So gab es heuer bei Kämpfen zwischen Aserbaidschan und Armenien um die Enklave Berg-Karabach dutzende Tote, und auch auf dem Balkan hat sich die Lage durch die immer forscher vorgetragenen bosnisch-serbischen Sezessionsbestrebungen alles andere als entspannt. Auch zwei Jahrzehnte nach dem Ende der Bürgerkriege in Ex-Jugoslawien.

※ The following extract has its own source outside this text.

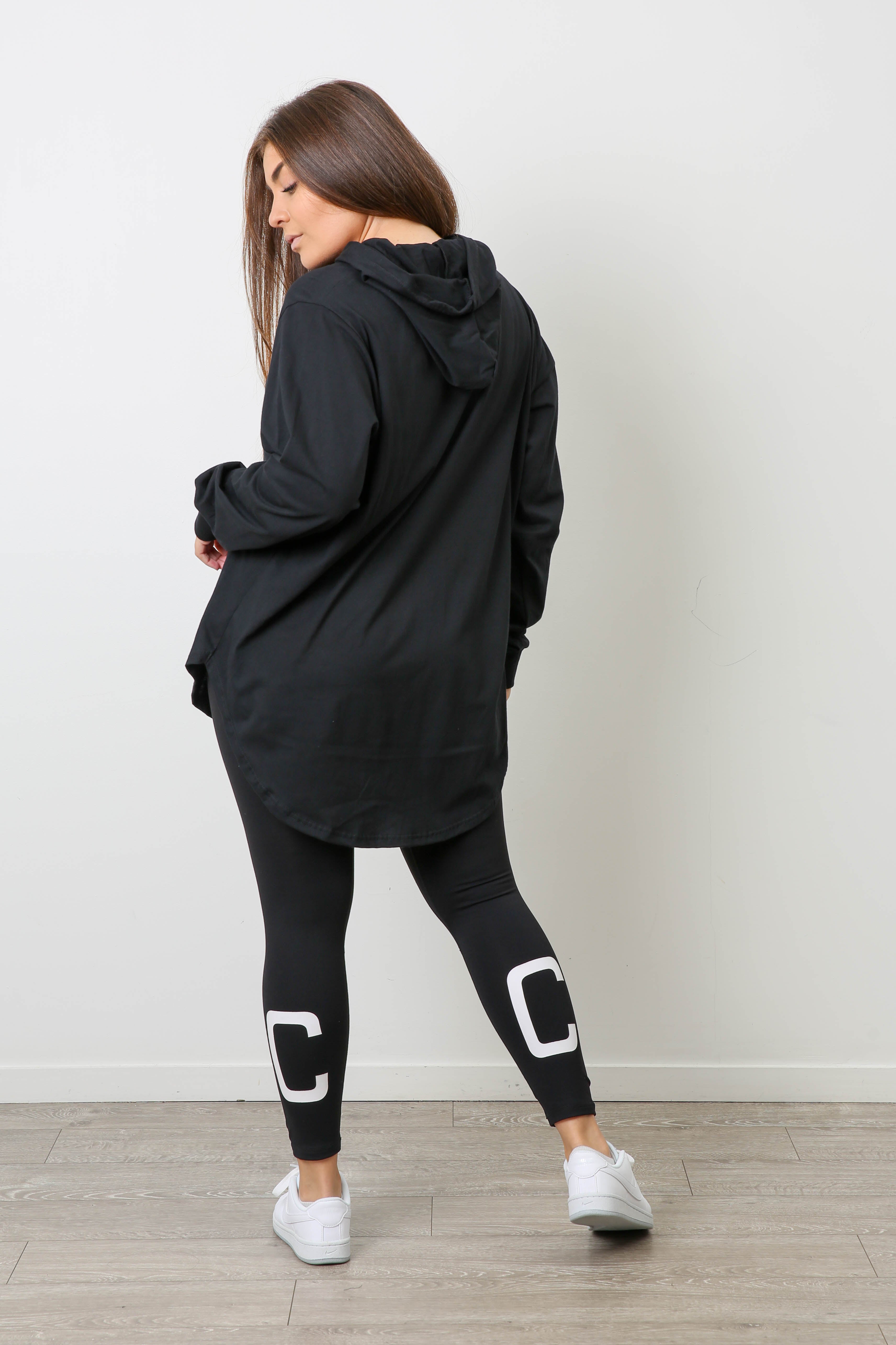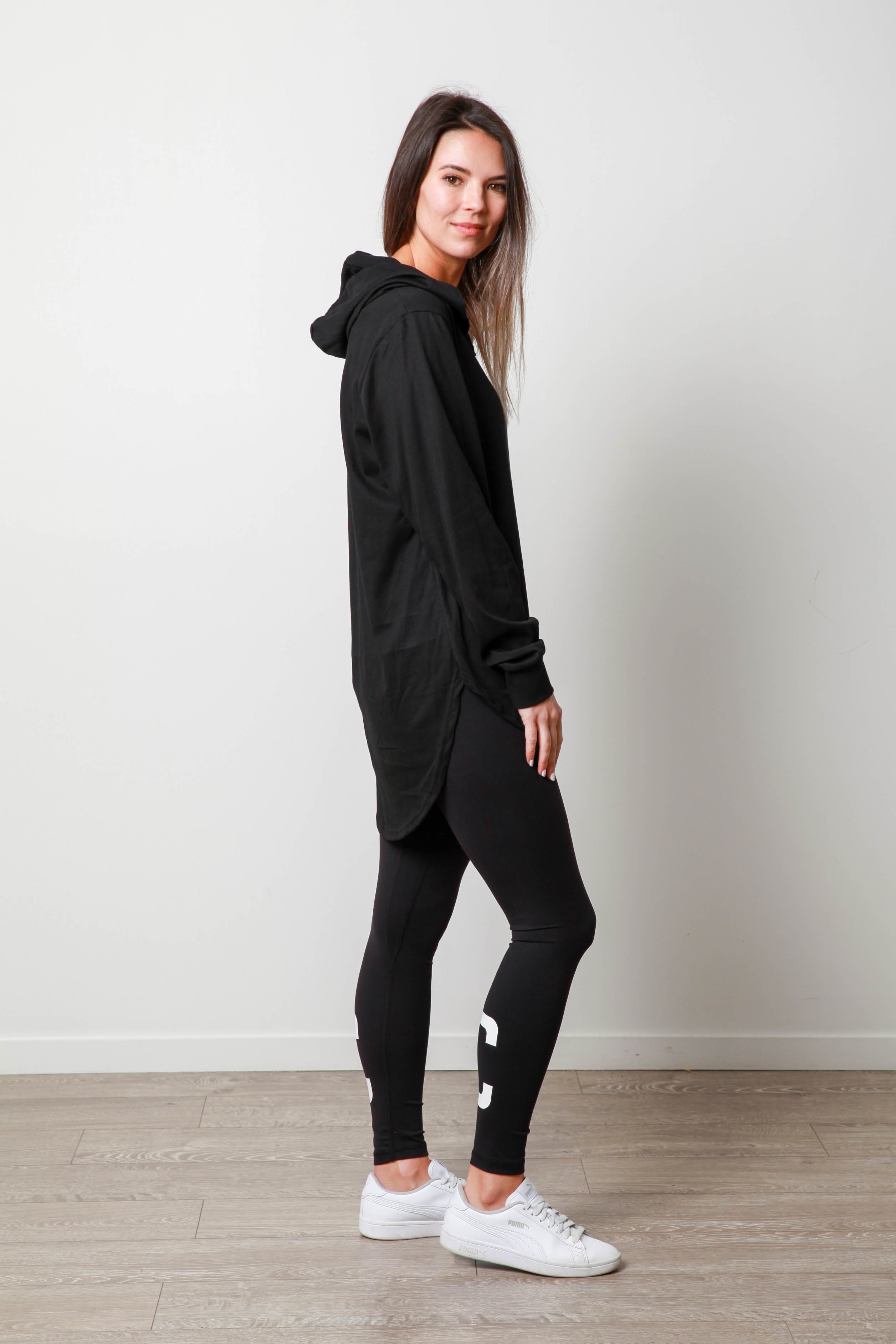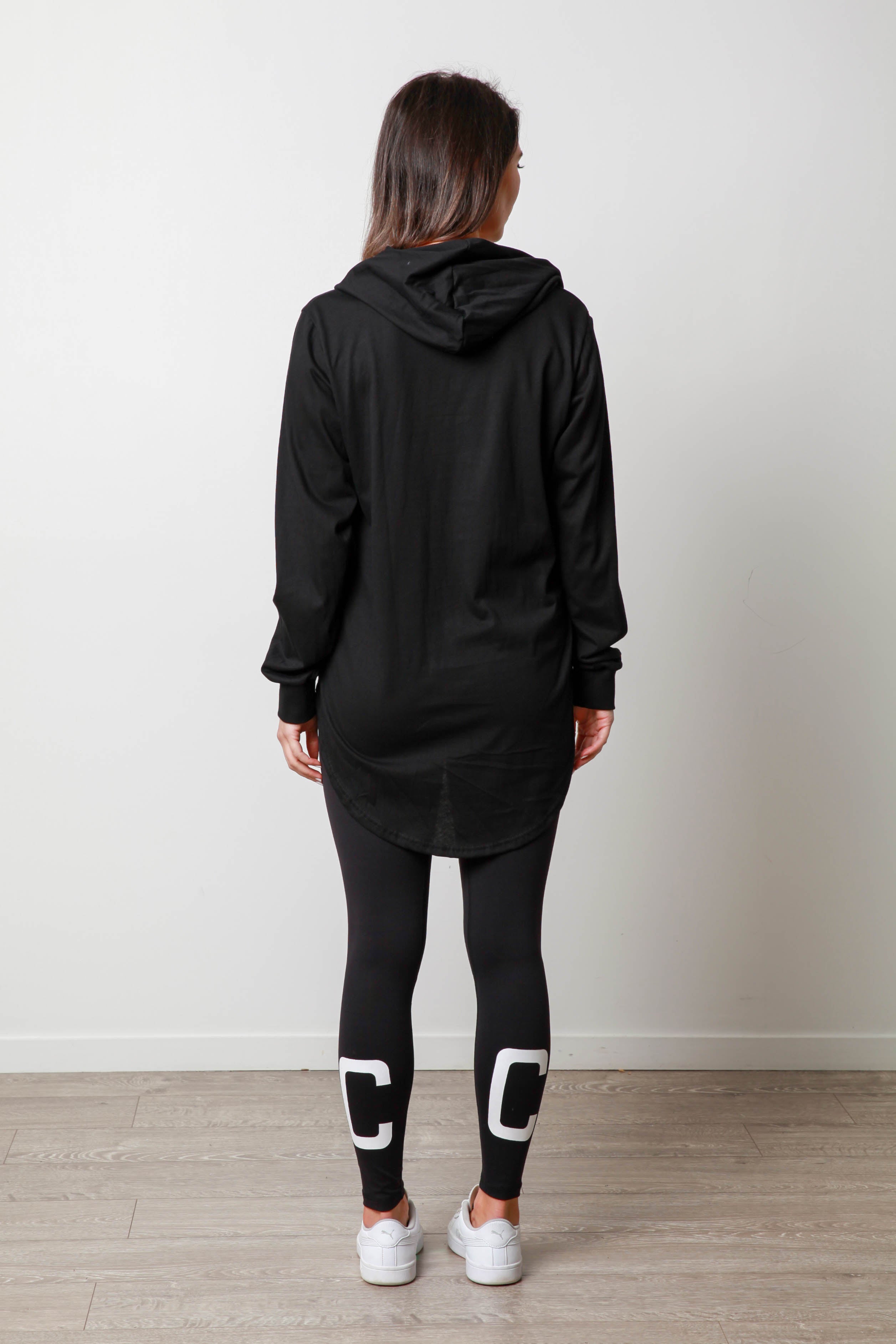 The perfect lightweight fabric for when you need that extra layer, and the curved hem looks great styled underneath a jacket and paired with a pair of leggings or trackies.Its soft material gives comfort and breathability. Details:- No pockets- Hood- Curved hemline- Light weight t-shirt material- Black Chinga patch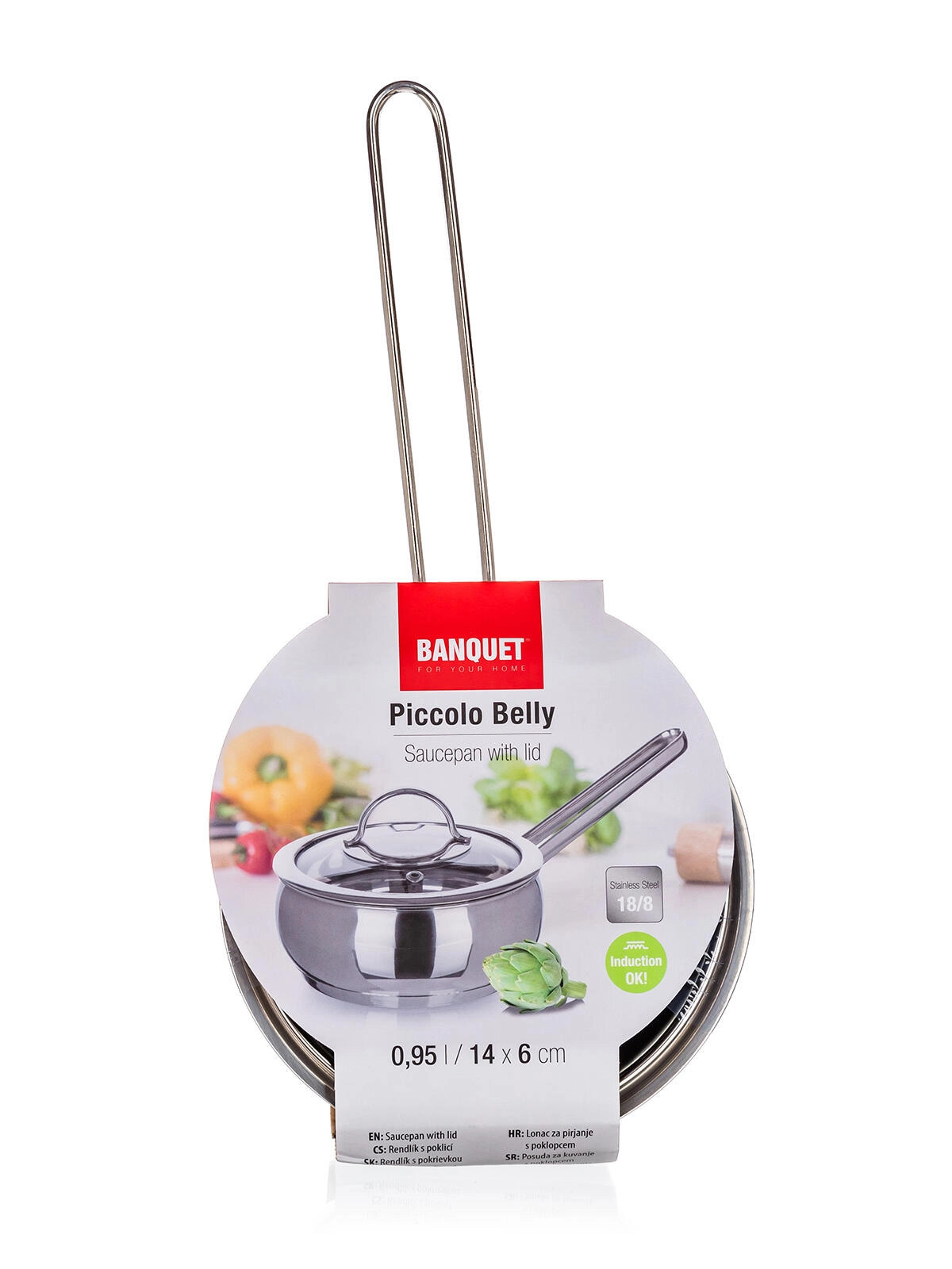 Kompaktna nerjavna kozica PICCOLO Belly s prostornino 0,95 l in premerom 14 cm je idealna za omake, pogrevanje in manjše porcije. Zahvaljujoč steklenemu pokrovu imate pregled med kuhanjem, vzdržljivo nerjavno jeklo 18/8 pa zagotavlja dolgo življenjsko dobo in preprosto vzdrževanje. Primerna za vse vrste kuhalnih plošč, vključno z indukcijo.

“Mit Damage Control (Schadensbegrenzung) ist schon viel erreicht”, brachte ein OSZE-Diplomat im APA-Gespräch die Erwartungen an das Vorsitzland auf den Punkt. “Es wäre bereits ein Erfolg, wenn weiter alle an einem Tisch bleiben.” Eine zusätzliche Unwägbarkeit bildet der außenpolitische Kurs der künftigen US-Regierung unter Präsident Donald Trump, der zuletzt ein atomares “Wettrüsten” in den Raum gestellt hatte.

Treffen der Außenminister

Anfang Dezember absolvierte Kurz beim OSZE-Ministerrat in Hamburg einen Marathon an bilateralen Treffen und kam mit einem Drittel der 50 angereisten Außenminister zusammen, darunter John Kerry (USA), Sergej Lawrow (Russland) und Pawlo Klimkin (Ukraine).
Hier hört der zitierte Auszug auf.